• **Work order**:
Emit the data below verbatim, stripping out any pictures.

• **Entries supplied**:
%%
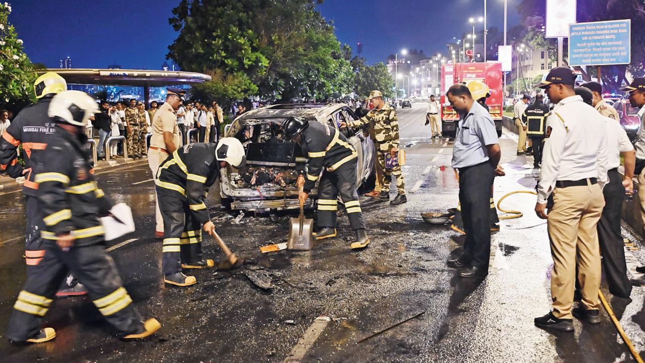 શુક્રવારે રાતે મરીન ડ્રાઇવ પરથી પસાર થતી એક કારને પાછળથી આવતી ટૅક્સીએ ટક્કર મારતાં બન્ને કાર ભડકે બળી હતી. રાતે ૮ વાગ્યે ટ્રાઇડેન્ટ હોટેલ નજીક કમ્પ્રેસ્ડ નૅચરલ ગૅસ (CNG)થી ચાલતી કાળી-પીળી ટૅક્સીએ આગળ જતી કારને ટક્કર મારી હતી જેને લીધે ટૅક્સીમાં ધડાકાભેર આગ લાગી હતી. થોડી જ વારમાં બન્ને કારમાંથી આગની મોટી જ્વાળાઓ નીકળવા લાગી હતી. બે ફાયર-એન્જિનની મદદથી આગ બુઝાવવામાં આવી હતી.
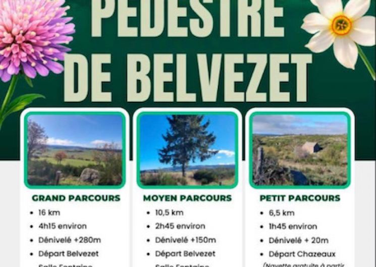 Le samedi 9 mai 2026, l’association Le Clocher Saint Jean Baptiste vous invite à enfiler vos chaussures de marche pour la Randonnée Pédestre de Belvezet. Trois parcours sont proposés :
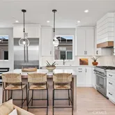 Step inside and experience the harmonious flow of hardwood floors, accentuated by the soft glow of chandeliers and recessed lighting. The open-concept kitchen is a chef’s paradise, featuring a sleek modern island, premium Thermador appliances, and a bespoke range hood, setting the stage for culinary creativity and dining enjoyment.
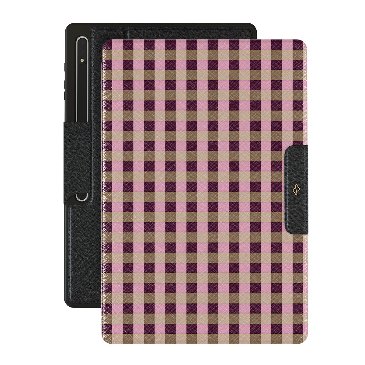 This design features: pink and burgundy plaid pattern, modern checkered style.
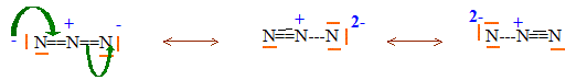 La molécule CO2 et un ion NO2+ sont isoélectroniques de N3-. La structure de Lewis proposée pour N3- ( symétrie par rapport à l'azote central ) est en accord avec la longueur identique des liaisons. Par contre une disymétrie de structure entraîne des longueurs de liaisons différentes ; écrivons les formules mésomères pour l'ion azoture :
%%
• **Solution to the exercise**:
 શુક્રવારે રાતે મરીન ડ્રાઇવ પરથી પસાર થતી એક કારને પાછળથી આવતી ટૅક્સીએ ટક્કર મારતાં બન્ને કાર ભડકે બળી હતી. રાતે ૮ વાગ્યે ટ્રાઇડેન્ટ હોટેલ નજીક કમ્પ્રેસ્ડ નૅચરલ ગૅસ (CNG)થી ચાલતી કાળી-પીળી ટૅક્સીએ આગળ જતી કારને ટક્કર મારી હતી જેને લીધે ટૅક્સીમાં ધડાકાભેર આગ લાગી હતી. થોડી જ વારમાં બન્ને કારમાંથી આગની મોટી જ્વાળાઓ નીકળવા લાગી હતી. બે ફાયર-એન્જિનની મદદથી આગ બુઝાવવામાં આવી હતી.
 Le samedi 9 mai 2026, l’association Le Clocher Saint Jean Baptiste vous invite à enfiler vos chaussures de marche pour la Randonnée Pédestre de Belvezet. Trois parcours sont proposés :
 Step inside and experience the harmonious flow of hardwood floors, accentuated by the soft glow of chandeliers and recessed lighting. The open-concept kitchen is a chef’s paradise, featuring a sleek modern island, premium Thermador appliances, and a bespoke range hood, setting the stage for culinary creativity and dining enjoyment.
 This design features: pink and burgundy plaid pattern, modern checkered style.
 La molécule CO2 et un ion NO2+ sont isoélectroniques de N3-. La structure de Lewis proposée pour N3- ( symétrie par rapport à l'azote central ) est en accord avec la longueur identique des liaisons. Par contre une disymétrie de structure entraîne des longueurs de liaisons différentes ; écrivons les formules mésomères pour l'ion azoture :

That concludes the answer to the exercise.